Build conservation fixes into infrastructure abundance
Energy, housing, and other needed human infrastructure can be built in ways that maximize conservation potential—if conservation researchers and practitioners can invent and include these innovations in the construction process. For instance, building out solar on rooftops rather than in native grasslands or forests spares nature, but red tape often makes the former cost prohibitive. Dreaming up ways for solar panels to share land with farms, ranches, canals, and habitat restoration projects can not only use less land but also can juice farm profitability, reduce water loss, and build new habitat for pollinators and other wildlife. On the housing side, wins for people and the environment are possible with clustered development that avoids prime habitat, dense and intensive housing buildouts, and nature-friendly yard practices. We need to create better designs, improved siting tools, supportive policies, and sound incentives to make this happen.

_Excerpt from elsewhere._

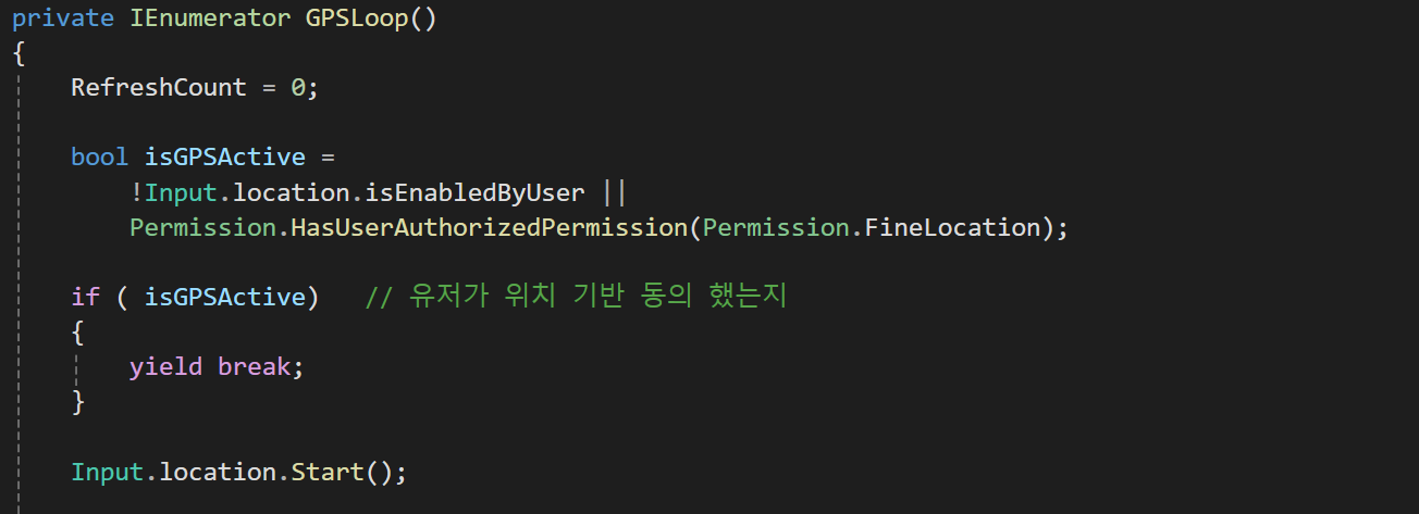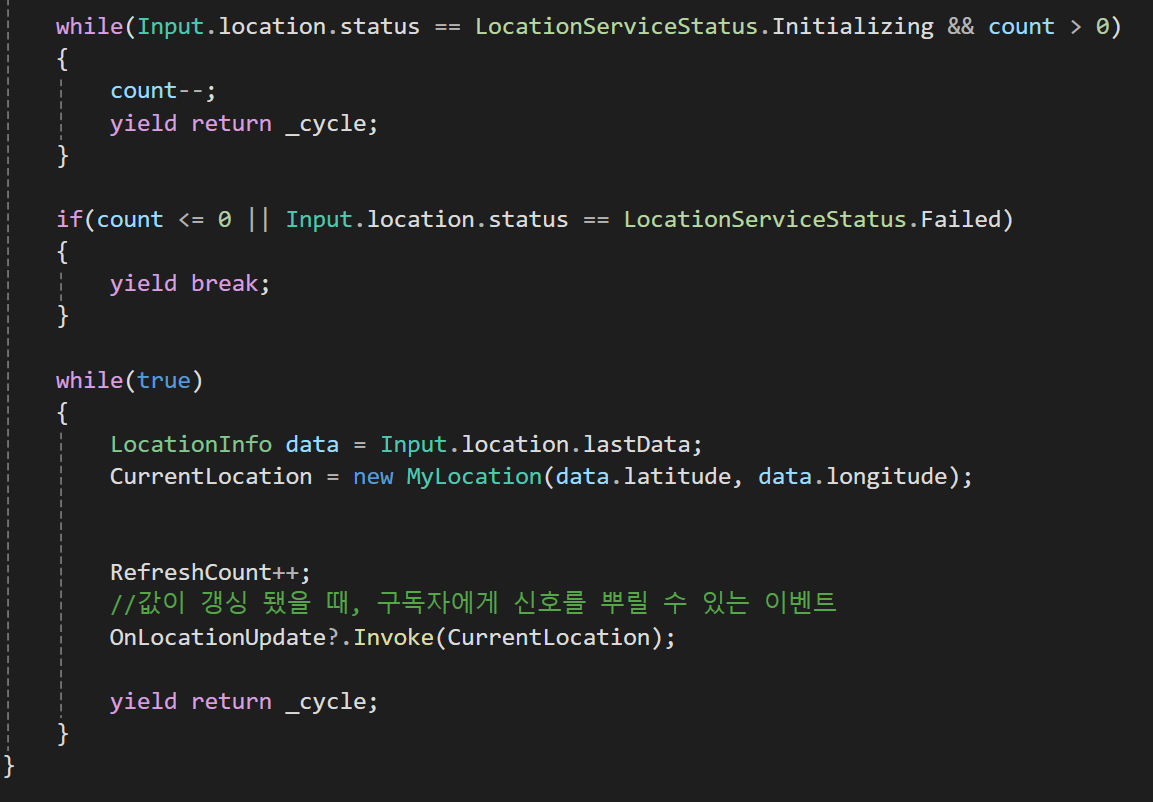 다음과같이 모두 통과 됐을 때 while문에 들어가서 위도와 경도의 값을 가져올 수 있다
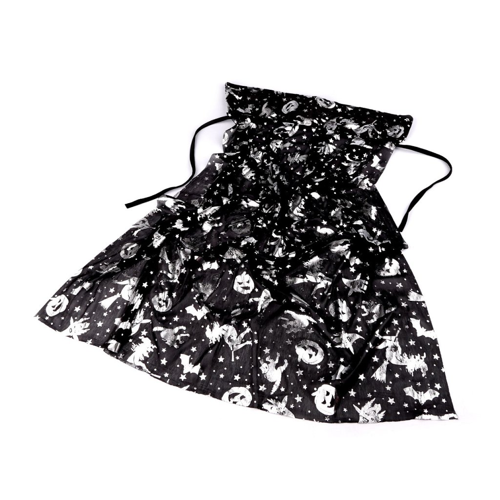Karnevalový plášť má efektní metalický potisk. Promění vaše dítko v čaroděje, ježibabu, kouzelníka a podobné strašidelné postavy. Váže se pomocí šňůrek. Materiál je poloprůhledný.

Like salmon swimming upstream to spawn, there will be swift currents to navigate and waterfalls to overcome to make a conservation abundance agenda a reality. But in harnessing the principles of abundance, the conservation community, groups focused on human needs and built infrastructure, and conservation-minded citizens across the political spectrum can come together to help build a world where both nature and humans flourish.
Sophie Gilbert thanks Max Lambert, director of science for the Nature Conservancy in Washington State, for indispensable help thinking through and working on this issue. Their journal article, “Building Plentiful Housing and Energy Needs Conservation Science,” is currently undergoing peer review.